However when I divide df[' A1.1']/r1 it yields only one correct value and that value is where r1/r1 = 1. All other values come out NaN.
My Questions:
How to divide a column by a float I guess? Why am I getting NaN?
Is there a faster way to do this as I need to do this for 16 columns.(ie 'A2/r2' 'a3/r3' etc.)
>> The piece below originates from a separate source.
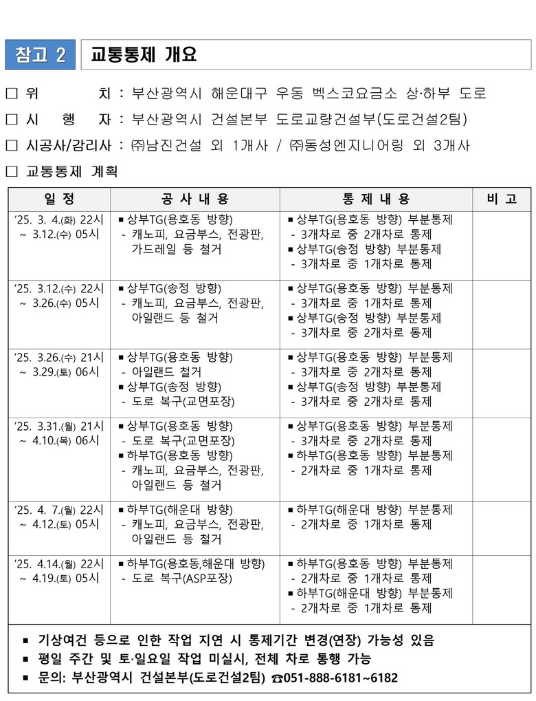 원활한 철거작업과 작업자 및 통행 차량 안전 확보를 위해 ▲상부 요금소 2곳(용호동 방향, 송정 방향)은 각 3개 차로 중 2개 차로 통제, 1개 차로를 개방하며, ▲하부요금소 2곳(용호동 방향, 해운대 방향)은 각 2개 차로 중 1개 차로 통제, 1개 차로를 개방한다.

Do I need to do inplace = True anywhere to make the operations stick prior to resaving the data? or is that only for adding/deleting rows?
Example
Dataframe that looks like this
!http://i.imgur.com/ObUzY7p.png
zero time sets properly (image not shown)
after dividing the column
!http://i.imgur.com/TpLUiyE.png
This should work:
df['A1.1']=df['A1.1']/df['A1.1'].min()
I think the reason df[' A1.1'] = df[' A1.1']/r1 did not work was because r1 is a series. Try r1? instead of type(r1) and pandas will tell you that r1 is a series, not an individual float number.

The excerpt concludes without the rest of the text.